The four components needed for sustainable change, according to APCO CEOPosted on June 26th, 2019 in Insights by AUSPACK
Environmental factors are a huge area of growth and potential for the packaging world. Changes to the way the industry works have been fast-tracked since the China National Sword Policy was announced with the Australian Packaging Covenant Organisation (APCO) setting a target for 100% of packaging to be reusable, recyclable or compostable by 2025.
Brooke Donnelly, CEO of APCO, spoke at the AUSPACK 2019 Business and Industry Conference about the four key factors that will help Australia meet this goal.
The current state of affairs
During her presentation, Brooke highlighted several startling facts about the current waste flow through the Australian system.

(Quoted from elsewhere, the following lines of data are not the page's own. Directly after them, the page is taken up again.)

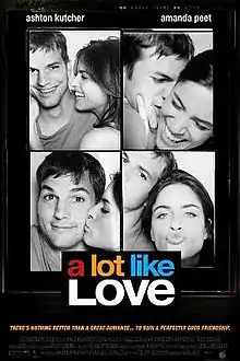 A Lot Like Love is a 2005 American romantic comedy-drama film directed by Nigel Cole and starring Ashton Kutcher and Amanda Peet. The screenplay by Colin Patrick Lynch focuses on two individuals whose relationship slowly evolves from lust to friendship to romance over the course of seven years.
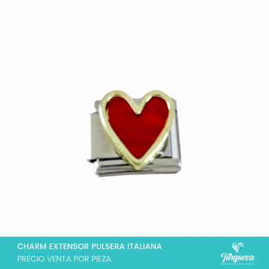 Dije Charm Corazon Rojo para Pulsera Tipo Italiana Acero Inoxidable
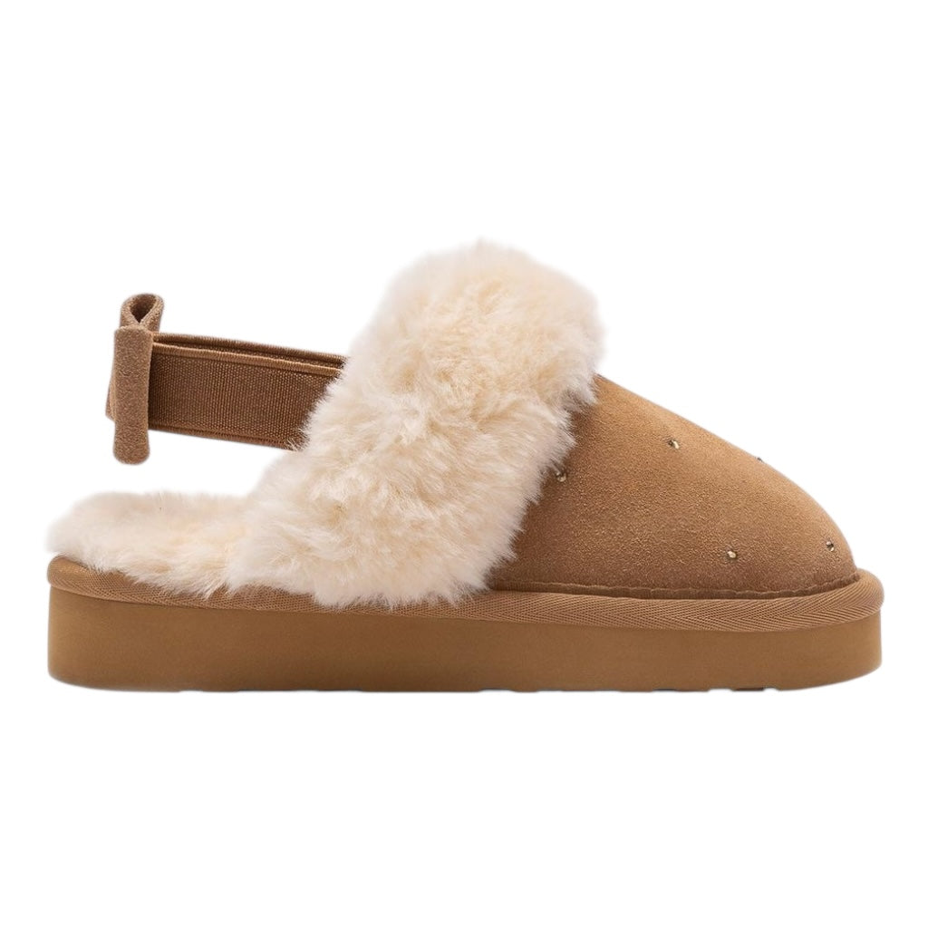 Girls Brown Suede ‘Sandra’ Fluffy Slippers
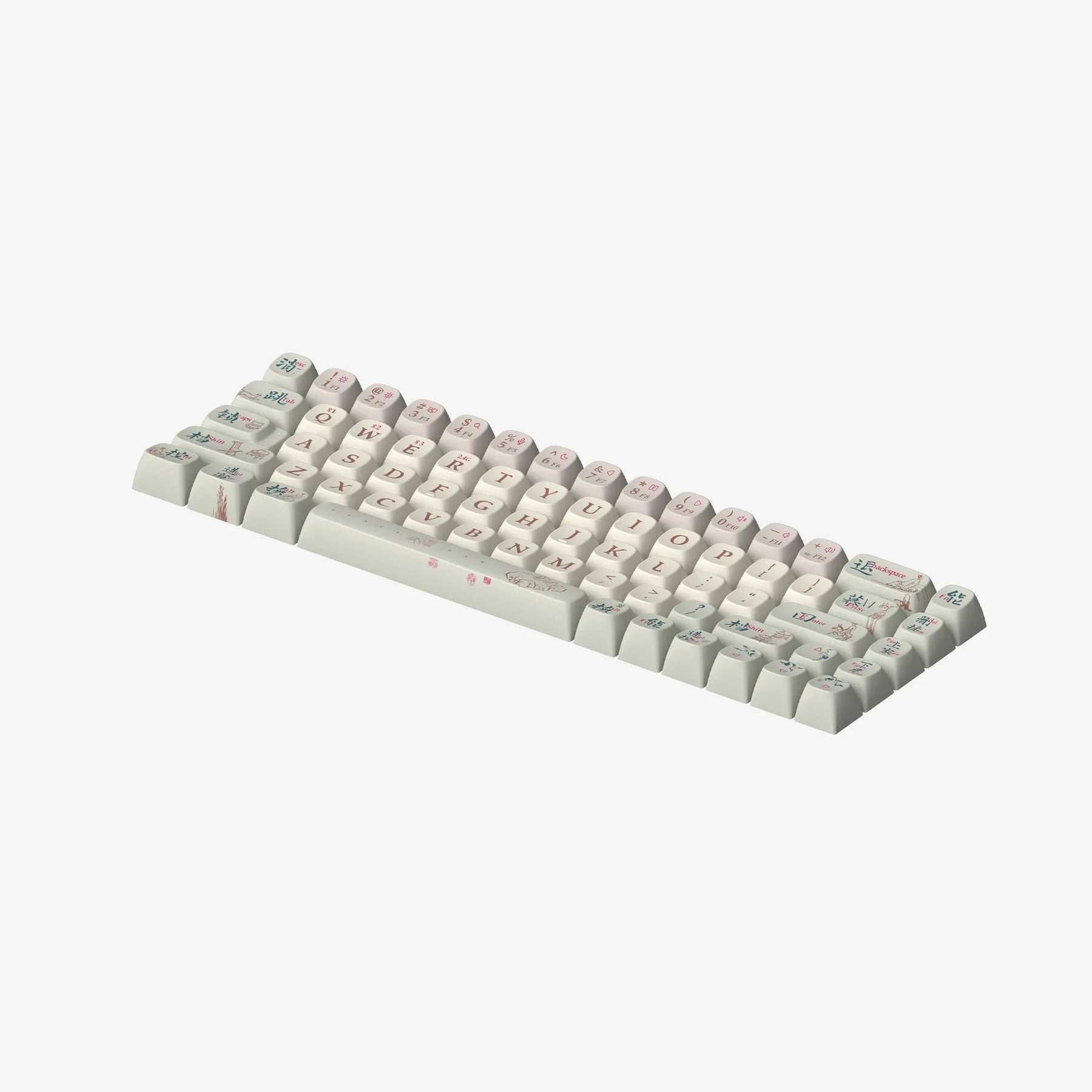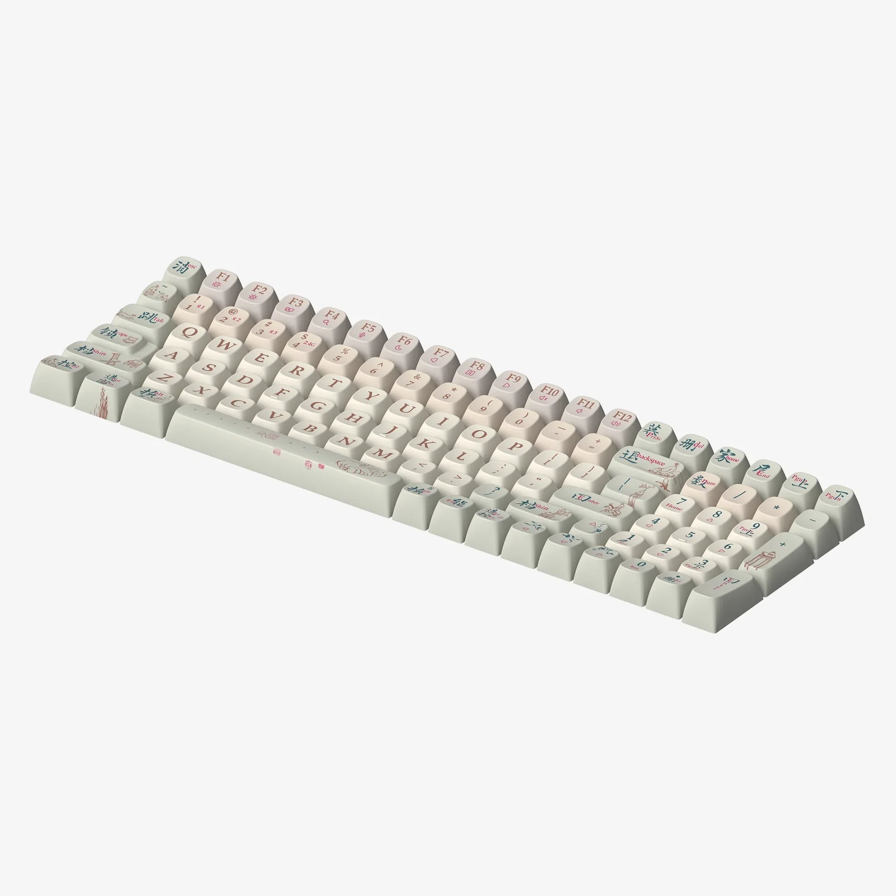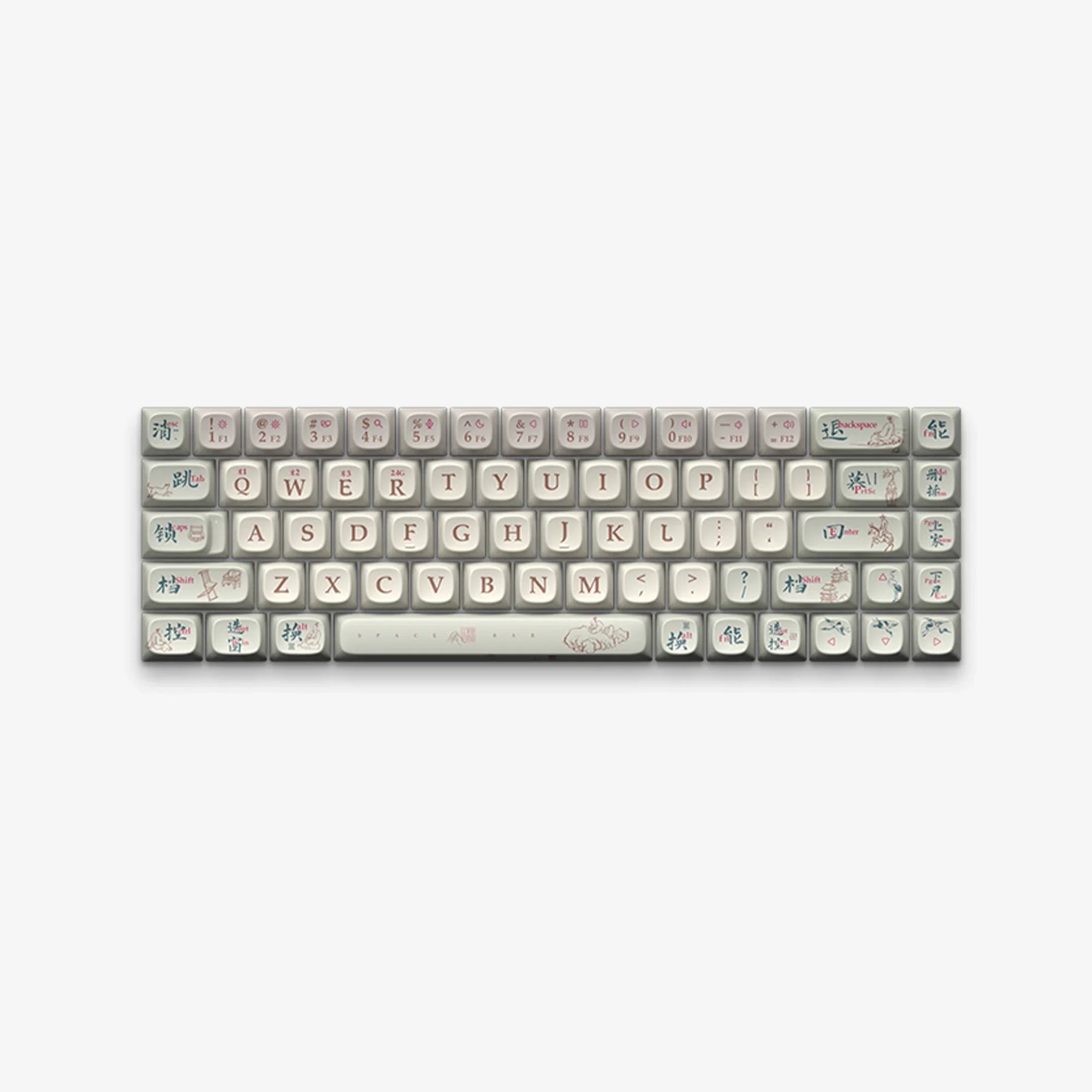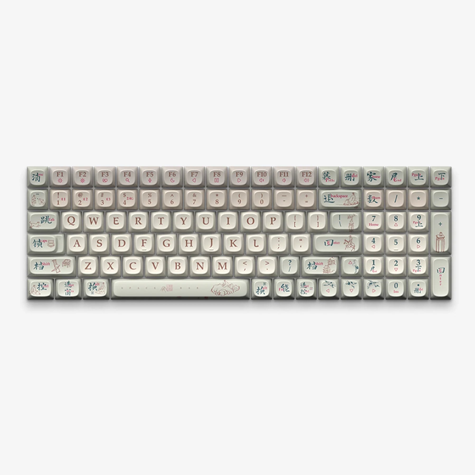 Inspired by the refined painting styles of China's Song and Tang dynasties, our "Dynasty Designs" keycap set transforms your keyboard into a canvas of ancient artistry. System keys are marked with both English and Chinese translations, utilizing ancient Chinese typography to bridge past and present. Decorative elements typical of the period, such as poets, horses, traditional houses, rock gardens, and scenes of activity, are intricately integrated to illustrate the function of each key. This set offers not just a way to type but an opportunity to engage with Chinese cultural heritage every day.

Based on figures from 2017 and 2018, of the 4.4m tonnes of packaging waste create annually, 44% was going to landfill, 33% to secondary markets and 19% was being exported.
Brooke said, “In terms of a sustainable packaging model, this is not what we want. You can see that 44% landfill is a problem, so is the 33% secondary material utilisation. That essentially is saying, that 33% has a home, it has an end market that’s valuable enough that we’re recovering and doing something with it. But it’s only 33% of that stream so that’s an issue.”
To improve this, we need to look at creating more of a circular economy that focuses on packaging design, systems, education and material circularity.
There are several factors that make packaging design good or bad for the environment. Too much packaging can be an issue, the materials used can cause problems and the end goal of the packaging can also have an impact.
By using recycled and renewable materials, designing for reuse and recovery, and creating something with litter reduction in mind, manufacturers around the country can all improve their products and packaging.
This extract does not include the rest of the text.